I'm seeing high cpu utilization with glusterfsd. CPU utilization goes beyond 700% Please let me know if its somehow misconfigured on my end. Volume Name: dist-vol Type: Distribute Volume ID: 330157c4-49a7-4982-9013-86b5f2e65fc6 Status: Started Number of Bricks: 3 Transport-type: tcp Bricks: Brick1: storage-1:/tank/gshare Brick2: storage-2:/tank/gshare Brick3: storage-3:/tank/gshare Options Reconfigured: cluster.min-free-disk: 1% diagnostics.brick-log-level: ERROR diagnostics.client-log-level: ERROR performance.cache-size: 2GB server.allow-insecure: on performance.io-thread-count: 64 performance.quick-read: on performance.io-cache: on performance.write-behind: on performance.read-ahead: on performance.write-behind-window-size: 1GB performance.cache-max-file-size: 2GB performance.stat-prefetch: on performance.flush-behind: on cluster.data-self-heal: off cluster.entry-self-heal: off cluster.metadata-self-heal: off cluster.lookup-optimize: on server.outstanding-rpc-limit: 128 server.event-threads: 3 client.event-threads: 3
Are you using redhat gluster storage or community version of GlusterFS? This BZ has been filed with the former. If you meant the community version please change the product to GlusterFS. Along with that a little more details like what exact version, workload type with client and brick logs would help us in debugging the issue further. Currently the information provided looks to be inadequate.
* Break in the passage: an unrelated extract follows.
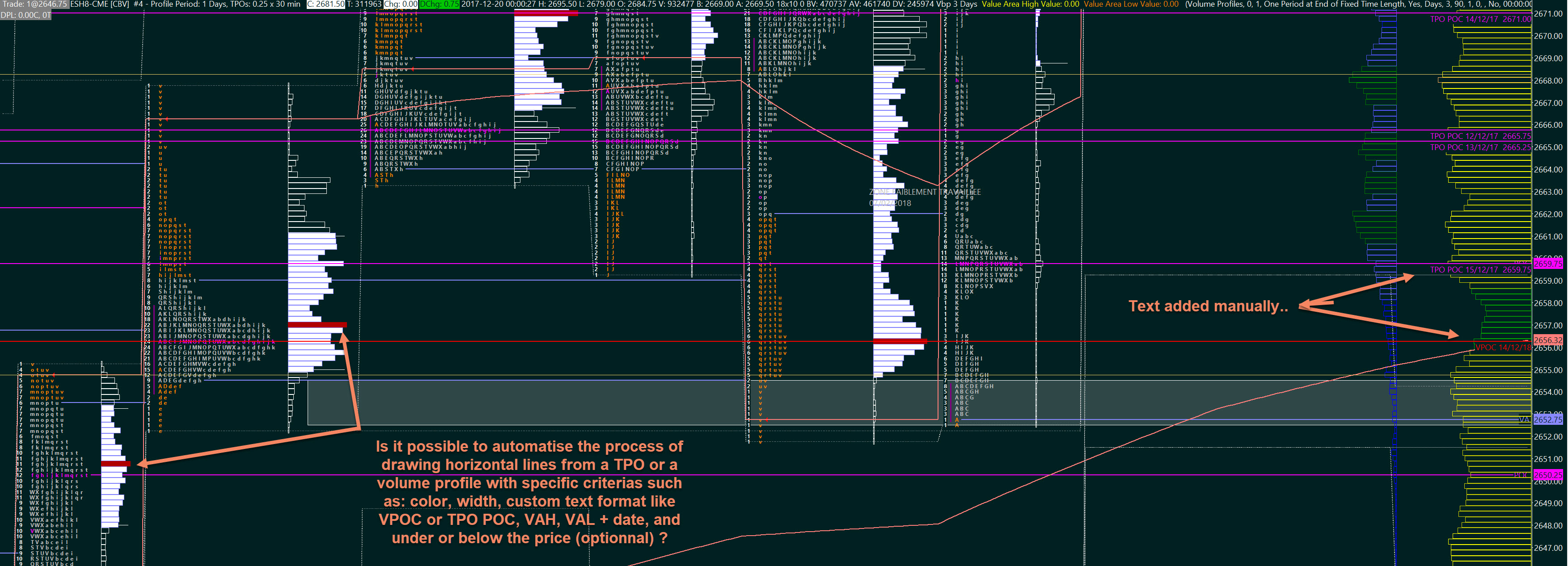 Sir, every day, I do place manually horizontal lines with specific information such as, VPOC, TPO POC with the date and the session (Europeano or US or Asian) Please see attached file. I do spend quite a bit of time to do that for each asset. Is it possible to automatise the process of drawing horizontal lines from a TPO or a volume profile with specific criterias such as: color, width, custom text format like VPOC or TPO POC, VAH, VAL + date, and under or below the price (optionnal) ? I know that it is possible to have the TPO POC drawn with a line, but there is not the date, a title or the price of it directly below or above the line. More clarity is always an edge. Besides, I would like to know if it possible to save a Study with all the levels that one has placed manually in order to import this study on a secondary instances or another pc, without having to reproduce them ? You will tell me, just import the whole charbook. But how do you do to import these levels on another chartbook ? It would be nice to enhance the platform with automatic possibilites. Thanks for your attention. |
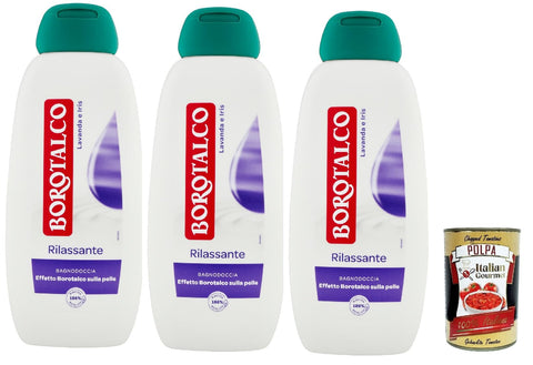 Borotalco - Bath Foam for Body, Lavender and Iris Fragrance - Refreshing Bath Foam, Borotalk Effect on the Skin - Ideal for Men and Women - Pack of 3 x 450 ml + Italian Gourmet Polpa 400 g

Thanks Atin, I have corrected the info. The interesting thing is even with the diagnostics settings to log at error level, no logs are being recorded under /var/log/glusterfs/bricks The load is heavy smb usage. We have thousands of small (KB files) and large (Several GB file sizes) data and the cluster's high load and high glusterfsd cpu utilization tends to shift from node to node. Is there a known bug for this type of behavior? I wasn't able to find answer online nor anyone wasn't able to shed some light on the irc. They encouraged filing a bug for this behavior.
I am moving this BZ to gluster-smb component since as per comment 3 the workload is on SMB.
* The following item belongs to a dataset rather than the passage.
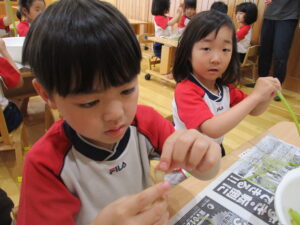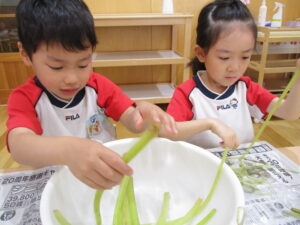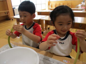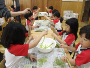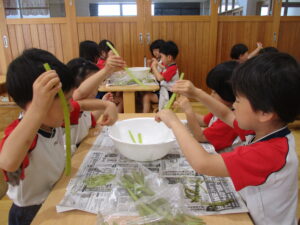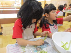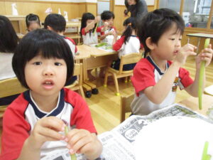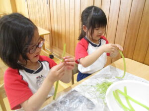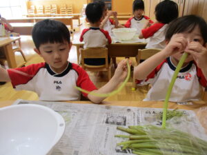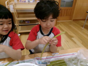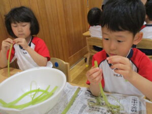 フキのスジ取りに挑戦するひまわり組の子どもたちです💚
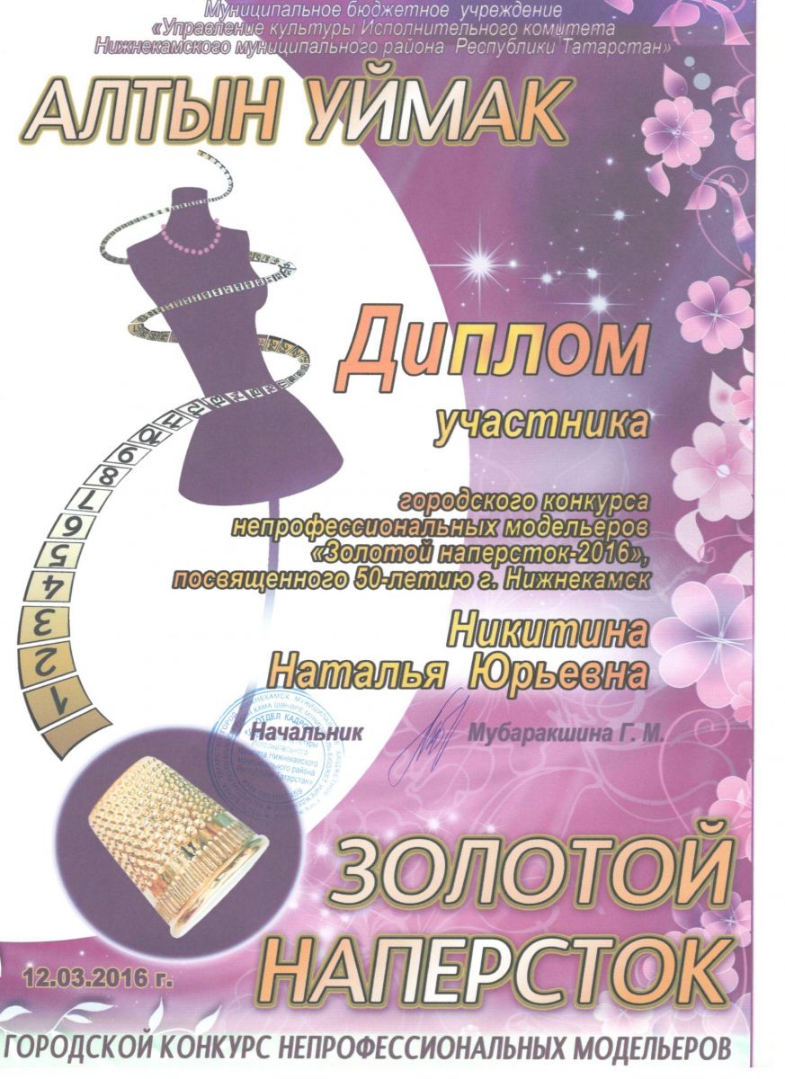 12.03.2016г. в ДК "Альфа" прошёл городской конкурс непрофессиональных модельеров "Золотой напёрсток-2016", посвящённый 50-летию г. Нижнекамска. Диплом участника был вручён кастелянше МБДОУ №94 "Соенеч", Никитиной Наталье Юрьевне.

top - 10:50:42 up 3 days, 4:06, 1 user, load average: 51.29, 47.47, 44.14 Tasks: 645 total, 1 running, 644 sleeping, 0 stopped, 0 zombie %Cpu0 : 50.0 us, 45.3 sy, 0.0 ni, 3.4 id, 0.3 wa, 0.0 hi, 1.0 si, 0.0 st %Cpu1 : 45.9 us, 49.3 sy, 0.0 ni, 4.4 id, 0.3 wa, 0.0 hi, 0.0 si, 0.0 st %Cpu2 : 46.1 us, 48.5 sy, 0.0 ni, 3.7 id, 1.0 wa, 0.0 hi, 0.7 si, 0.0 st %Cpu3 : 48.1 us, 47.8 sy, 0.0 ni, 3.0 id, 0.3 wa, 0.0 hi, 0.7 si, 0.0 st %Cpu4 : 31.5 us, 60.6 sy, 0.0 ni, 4.1 id, 1.7 wa, 0.0 hi, 2.1 si, 0.0 st %Cpu5 : 38.0 us, 55.8 sy, 0.0 ni, 2.1 id, 3.1 wa, 0.0 hi, 1.0 si, 0.0 st %Cpu6 : 40.2 us, 52.0 sy, 0.0 ni, 4.7 id, 1.0 wa, 0.0 hi, 2.0 si, 0.0 st %Cpu7 : 39.0 us, 52.9 sy, 0.0 ni, 3.4 id, 2.4 wa, 0.0 hi, 2.4 si, 0.0 st KiB Mem: 13200491+total, 13131869+used, 686212 free, 11228 buffers KiB Swap: 62465916 total, 256332 used, 62209584 free. 11889336+cached Mem PID USER PR NI VIRT RES SHR S %CPU %MEM TIME+ COMMAND 6267 root 20 0 8935784 6.642g 3972 S 676.8 5.3 4243:49 glusterfsd 7156 root 20 0 2224496 1.547g 3896 S 23.9 1.2 1490:24 glusterfs
This bug is getting closed because the 3.8 version is marked End-Of-Life. There will be no further updates to this version. Please open a new bug against a version that still receives bugfixes if you are still facing this issue in a more current release.